_DIRECTIONS FOR THIS TASK_
Nothing belongs in the answer except the lines of the material that include "graduation".

═══ DATASET EXCERPTS ═══

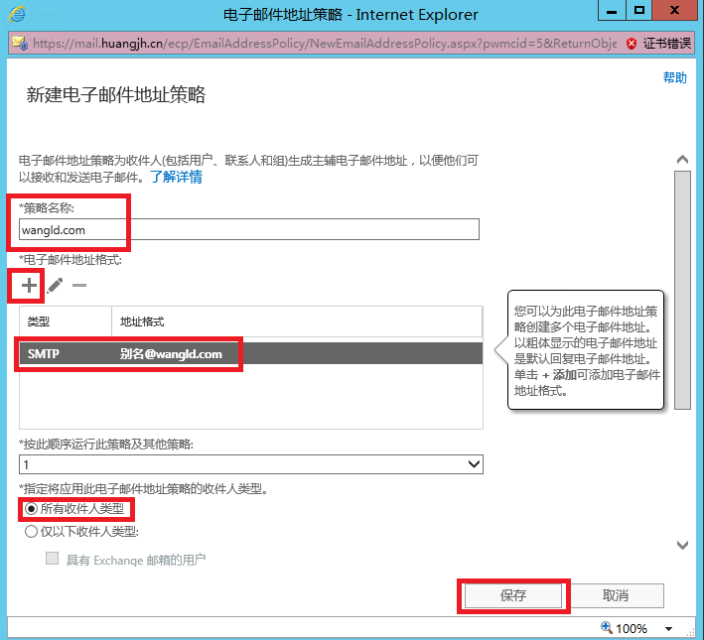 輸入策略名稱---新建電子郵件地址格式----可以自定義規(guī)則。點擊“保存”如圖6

═══
═══ DATASET EXCERPTS ═══

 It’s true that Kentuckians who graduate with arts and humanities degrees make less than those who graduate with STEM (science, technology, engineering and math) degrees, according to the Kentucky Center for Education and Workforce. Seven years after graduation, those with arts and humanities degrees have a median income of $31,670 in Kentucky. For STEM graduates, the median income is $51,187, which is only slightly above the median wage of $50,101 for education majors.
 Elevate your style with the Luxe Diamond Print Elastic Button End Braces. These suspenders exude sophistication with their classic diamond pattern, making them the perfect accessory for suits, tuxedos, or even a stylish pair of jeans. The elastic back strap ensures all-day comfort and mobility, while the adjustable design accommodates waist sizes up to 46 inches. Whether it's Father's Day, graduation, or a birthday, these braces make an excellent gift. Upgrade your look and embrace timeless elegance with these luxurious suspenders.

═══
═══ DATASET EXCERPTS ═══

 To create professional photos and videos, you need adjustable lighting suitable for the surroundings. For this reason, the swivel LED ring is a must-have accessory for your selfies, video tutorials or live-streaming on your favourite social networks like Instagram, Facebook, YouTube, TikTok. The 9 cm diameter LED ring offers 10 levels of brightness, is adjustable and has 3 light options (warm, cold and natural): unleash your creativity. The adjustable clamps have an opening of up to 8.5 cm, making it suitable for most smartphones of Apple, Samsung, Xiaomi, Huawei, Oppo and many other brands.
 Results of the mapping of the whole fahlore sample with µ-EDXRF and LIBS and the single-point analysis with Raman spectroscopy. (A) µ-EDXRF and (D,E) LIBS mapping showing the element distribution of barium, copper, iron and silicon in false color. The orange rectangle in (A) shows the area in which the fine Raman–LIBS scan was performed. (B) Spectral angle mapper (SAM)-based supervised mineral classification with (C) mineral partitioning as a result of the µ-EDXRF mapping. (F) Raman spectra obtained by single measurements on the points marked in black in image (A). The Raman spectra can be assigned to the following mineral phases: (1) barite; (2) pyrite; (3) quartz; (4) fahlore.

═══

_PROBLEM SOLUTION_
 It’s true that Kentuckians who graduate with arts and humanities degrees make less than those who graduate with STEM (science, technology, engineering and math) degrees, according to the Kentucky Center for Education and Workforce. Seven years after graduation, those with arts and humanities degrees have a median income of $31,670 in Kentucky. For STEM graduates, the median income is $51,187, which is only slightly above the median wage of $50,101 for education majors.
 Elevate your style with the Luxe Diamond Print Elastic Button End Braces. These suspenders exude sophistication with their classic diamond pattern, making them the perfect accessory for suits, tuxedos, or even a stylish pair of jeans. The elastic back strap ensures all-day comfort and mobility, while the adjustable design accommodates waist sizes up to 46 inches. Whether it's Father's Day, graduation, or a birthday, these braces make an excellent gift. Upgrade your look and embrace timeless elegance with these luxurious suspenders.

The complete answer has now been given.